3 Considerations for Managing ASO A/B Testing

Gabe Kwakyi | November 26, 2023

The field of A/B testing (both the testing-first thought process and the actual statistic implementation of test management) has been a highly effective technique in the belts of digital marketers and has helped multitudes tune their assumptions, make continuous improvements and drive stronger positive outcomes.

Yet within A/B testing, there are different sub-sets, each with their own nuances. Managing paid and owned marketing A/B testing for example differs in some specific ways from A/B testing applied to earned marketing, such as app store optimization.

Augment your understanding of the different testing methods and challenges available in the field of App Store Optimization A/B testing strategy by reviewing the following set of considerations.

Consideration #1: The pros and cons of 6 ASO A/B testing alternatives

While there are several alternatives to doing ASO A/B testing, there is no one perfect A/B testing solution. Here are six of the most popular.

True A/B Testing

The following three methods enable randomized, true split-testing and confidence, which is necessary to grant valid test results.

Google Play Experiments - this is the traditional A/B testing system, available through the Google Play Console.

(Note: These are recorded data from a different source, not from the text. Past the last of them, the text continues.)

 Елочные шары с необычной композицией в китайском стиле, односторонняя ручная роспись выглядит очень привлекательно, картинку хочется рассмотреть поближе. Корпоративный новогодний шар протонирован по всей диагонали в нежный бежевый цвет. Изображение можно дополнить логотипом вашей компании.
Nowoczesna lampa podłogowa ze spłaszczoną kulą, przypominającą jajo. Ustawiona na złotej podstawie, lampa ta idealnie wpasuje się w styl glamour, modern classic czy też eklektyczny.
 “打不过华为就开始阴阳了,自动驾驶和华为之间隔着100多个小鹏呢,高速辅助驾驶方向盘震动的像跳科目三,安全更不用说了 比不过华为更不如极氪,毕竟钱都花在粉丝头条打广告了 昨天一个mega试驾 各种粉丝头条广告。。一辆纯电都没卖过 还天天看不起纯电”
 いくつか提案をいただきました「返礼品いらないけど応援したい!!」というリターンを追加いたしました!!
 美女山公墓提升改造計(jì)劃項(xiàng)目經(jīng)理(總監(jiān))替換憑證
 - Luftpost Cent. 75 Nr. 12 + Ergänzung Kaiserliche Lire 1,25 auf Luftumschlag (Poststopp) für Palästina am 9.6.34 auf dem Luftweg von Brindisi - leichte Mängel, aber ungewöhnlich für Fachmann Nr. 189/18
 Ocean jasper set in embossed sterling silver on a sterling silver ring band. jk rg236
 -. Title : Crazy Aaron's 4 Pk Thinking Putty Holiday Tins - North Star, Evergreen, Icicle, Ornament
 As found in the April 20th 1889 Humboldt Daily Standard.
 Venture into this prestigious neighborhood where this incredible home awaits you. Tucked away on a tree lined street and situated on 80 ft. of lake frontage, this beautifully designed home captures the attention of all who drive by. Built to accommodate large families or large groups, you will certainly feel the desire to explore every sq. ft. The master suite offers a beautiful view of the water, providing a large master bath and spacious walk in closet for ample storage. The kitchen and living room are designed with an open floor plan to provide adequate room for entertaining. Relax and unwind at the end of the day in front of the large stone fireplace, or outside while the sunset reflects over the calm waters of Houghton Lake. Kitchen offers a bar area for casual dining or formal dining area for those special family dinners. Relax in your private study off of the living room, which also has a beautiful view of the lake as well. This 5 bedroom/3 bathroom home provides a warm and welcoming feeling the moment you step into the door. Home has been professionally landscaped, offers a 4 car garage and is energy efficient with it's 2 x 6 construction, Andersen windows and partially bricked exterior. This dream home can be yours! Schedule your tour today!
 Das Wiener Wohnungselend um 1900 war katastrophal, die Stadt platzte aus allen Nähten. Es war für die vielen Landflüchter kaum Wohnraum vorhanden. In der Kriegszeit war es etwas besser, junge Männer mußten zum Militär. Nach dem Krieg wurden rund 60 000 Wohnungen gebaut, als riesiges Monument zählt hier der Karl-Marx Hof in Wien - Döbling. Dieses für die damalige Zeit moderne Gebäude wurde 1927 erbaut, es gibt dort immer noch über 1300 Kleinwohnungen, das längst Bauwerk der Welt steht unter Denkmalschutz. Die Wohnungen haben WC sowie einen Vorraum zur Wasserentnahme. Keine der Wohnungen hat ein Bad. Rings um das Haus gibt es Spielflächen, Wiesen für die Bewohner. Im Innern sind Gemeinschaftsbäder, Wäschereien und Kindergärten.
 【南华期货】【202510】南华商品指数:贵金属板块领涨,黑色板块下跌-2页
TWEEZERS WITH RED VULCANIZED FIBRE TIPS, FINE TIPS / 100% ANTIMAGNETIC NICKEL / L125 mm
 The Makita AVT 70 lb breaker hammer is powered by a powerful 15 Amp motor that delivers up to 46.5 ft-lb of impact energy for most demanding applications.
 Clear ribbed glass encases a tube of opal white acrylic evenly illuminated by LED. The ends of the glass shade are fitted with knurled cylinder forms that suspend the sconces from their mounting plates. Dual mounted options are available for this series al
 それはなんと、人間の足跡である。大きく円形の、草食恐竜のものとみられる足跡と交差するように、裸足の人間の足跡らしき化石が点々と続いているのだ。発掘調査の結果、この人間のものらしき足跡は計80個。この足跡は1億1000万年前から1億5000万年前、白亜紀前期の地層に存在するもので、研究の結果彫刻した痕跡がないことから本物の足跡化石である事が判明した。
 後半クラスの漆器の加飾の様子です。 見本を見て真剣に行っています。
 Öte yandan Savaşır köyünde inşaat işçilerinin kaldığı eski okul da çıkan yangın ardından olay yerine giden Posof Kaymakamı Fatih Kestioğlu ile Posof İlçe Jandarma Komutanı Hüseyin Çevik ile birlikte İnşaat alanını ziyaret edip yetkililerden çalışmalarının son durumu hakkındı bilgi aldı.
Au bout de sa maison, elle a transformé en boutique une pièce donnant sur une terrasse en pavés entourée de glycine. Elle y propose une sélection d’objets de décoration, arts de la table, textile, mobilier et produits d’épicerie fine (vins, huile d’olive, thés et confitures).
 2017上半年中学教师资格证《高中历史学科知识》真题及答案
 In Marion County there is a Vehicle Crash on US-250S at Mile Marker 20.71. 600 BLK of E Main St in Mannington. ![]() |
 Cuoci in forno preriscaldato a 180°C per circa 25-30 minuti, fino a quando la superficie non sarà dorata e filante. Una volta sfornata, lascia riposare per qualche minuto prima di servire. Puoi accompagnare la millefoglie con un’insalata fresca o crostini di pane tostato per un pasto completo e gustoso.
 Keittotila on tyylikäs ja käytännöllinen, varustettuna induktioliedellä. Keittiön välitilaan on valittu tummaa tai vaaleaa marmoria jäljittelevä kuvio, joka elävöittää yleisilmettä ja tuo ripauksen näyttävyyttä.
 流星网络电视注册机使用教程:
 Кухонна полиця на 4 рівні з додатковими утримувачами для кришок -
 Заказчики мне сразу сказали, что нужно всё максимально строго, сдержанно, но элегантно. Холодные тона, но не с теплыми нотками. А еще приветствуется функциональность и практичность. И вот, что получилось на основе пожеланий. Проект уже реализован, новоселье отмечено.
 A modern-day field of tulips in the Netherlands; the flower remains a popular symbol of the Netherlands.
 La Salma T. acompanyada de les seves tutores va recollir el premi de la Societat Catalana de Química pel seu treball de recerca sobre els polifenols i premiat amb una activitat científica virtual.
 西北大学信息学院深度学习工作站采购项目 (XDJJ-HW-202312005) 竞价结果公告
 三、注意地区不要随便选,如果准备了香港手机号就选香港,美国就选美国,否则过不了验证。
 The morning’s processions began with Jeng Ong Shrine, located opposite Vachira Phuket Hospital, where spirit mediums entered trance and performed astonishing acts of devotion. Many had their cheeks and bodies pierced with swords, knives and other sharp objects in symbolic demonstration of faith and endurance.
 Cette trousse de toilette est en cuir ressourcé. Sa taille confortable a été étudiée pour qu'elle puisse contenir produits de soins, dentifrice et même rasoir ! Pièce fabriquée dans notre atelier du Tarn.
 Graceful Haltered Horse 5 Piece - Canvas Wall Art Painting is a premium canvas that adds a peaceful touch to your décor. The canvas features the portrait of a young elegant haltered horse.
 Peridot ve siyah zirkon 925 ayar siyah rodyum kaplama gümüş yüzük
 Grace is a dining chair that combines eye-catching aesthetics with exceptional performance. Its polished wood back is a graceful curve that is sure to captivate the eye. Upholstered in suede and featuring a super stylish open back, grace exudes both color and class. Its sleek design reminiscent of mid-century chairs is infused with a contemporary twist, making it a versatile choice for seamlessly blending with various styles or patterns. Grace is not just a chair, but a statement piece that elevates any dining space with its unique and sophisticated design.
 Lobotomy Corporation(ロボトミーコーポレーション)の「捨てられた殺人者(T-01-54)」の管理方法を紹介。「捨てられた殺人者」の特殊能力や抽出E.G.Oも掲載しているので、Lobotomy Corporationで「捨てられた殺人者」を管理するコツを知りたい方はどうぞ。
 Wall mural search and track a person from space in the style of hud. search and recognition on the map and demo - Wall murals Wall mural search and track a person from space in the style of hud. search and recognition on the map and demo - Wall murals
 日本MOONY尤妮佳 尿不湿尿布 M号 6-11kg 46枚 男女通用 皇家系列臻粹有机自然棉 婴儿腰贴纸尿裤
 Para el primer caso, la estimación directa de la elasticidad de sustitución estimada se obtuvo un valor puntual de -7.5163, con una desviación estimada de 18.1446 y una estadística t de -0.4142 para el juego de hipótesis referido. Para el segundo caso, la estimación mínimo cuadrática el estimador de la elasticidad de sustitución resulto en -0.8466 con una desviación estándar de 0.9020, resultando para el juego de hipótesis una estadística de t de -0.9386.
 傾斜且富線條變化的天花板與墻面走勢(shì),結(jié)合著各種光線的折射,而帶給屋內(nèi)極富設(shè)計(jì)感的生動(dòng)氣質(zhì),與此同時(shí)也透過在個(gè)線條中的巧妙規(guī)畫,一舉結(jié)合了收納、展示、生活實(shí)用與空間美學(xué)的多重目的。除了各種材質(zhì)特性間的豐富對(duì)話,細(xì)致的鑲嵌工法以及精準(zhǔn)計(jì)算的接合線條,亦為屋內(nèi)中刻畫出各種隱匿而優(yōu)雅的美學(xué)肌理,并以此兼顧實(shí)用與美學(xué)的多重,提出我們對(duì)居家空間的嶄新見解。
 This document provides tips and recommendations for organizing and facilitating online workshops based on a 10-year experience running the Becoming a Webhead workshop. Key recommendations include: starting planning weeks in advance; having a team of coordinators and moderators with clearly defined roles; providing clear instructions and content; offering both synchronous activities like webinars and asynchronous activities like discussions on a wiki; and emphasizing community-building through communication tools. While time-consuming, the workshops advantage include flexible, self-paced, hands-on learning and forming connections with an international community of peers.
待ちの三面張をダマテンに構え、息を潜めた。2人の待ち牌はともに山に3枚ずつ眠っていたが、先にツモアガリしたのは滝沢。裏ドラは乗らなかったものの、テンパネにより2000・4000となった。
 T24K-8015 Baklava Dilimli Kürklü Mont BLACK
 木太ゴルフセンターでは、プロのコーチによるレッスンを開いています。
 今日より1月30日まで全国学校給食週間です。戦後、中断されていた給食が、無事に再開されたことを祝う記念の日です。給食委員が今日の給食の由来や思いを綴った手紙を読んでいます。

Pros include that it is free and that it provides the ability to test in the app store UX; cons include a lack of customization over testing parameters and the risk of a poor performer dragging down overall performance.
3rd Party Tools - such as Store Maven or SplitMetrics use a mobile web page mimic of the App/Play Store to study user click stream behavior between variants. Pros include customization of test parameters (including a search results test) and greater statistical configurations; cons include the premium expense of the platform and media fee and lack of ability to test organic traffic.
Facebook split testing - using Facebook Ads for split testing is appealing as it can benefit both ASO and paid UA. Pros mostly include the high speed of testing; cons include the media fee, lack of ability to truly test in the app store UX and the lack of ability to test organic traffic.

"Hacked" A/B Testing

These methods are cheaper than the prior three and solve the issue of not testing on a true organic audience/store UX, but don't allow for true split testing and therefore complicate gathering valid results.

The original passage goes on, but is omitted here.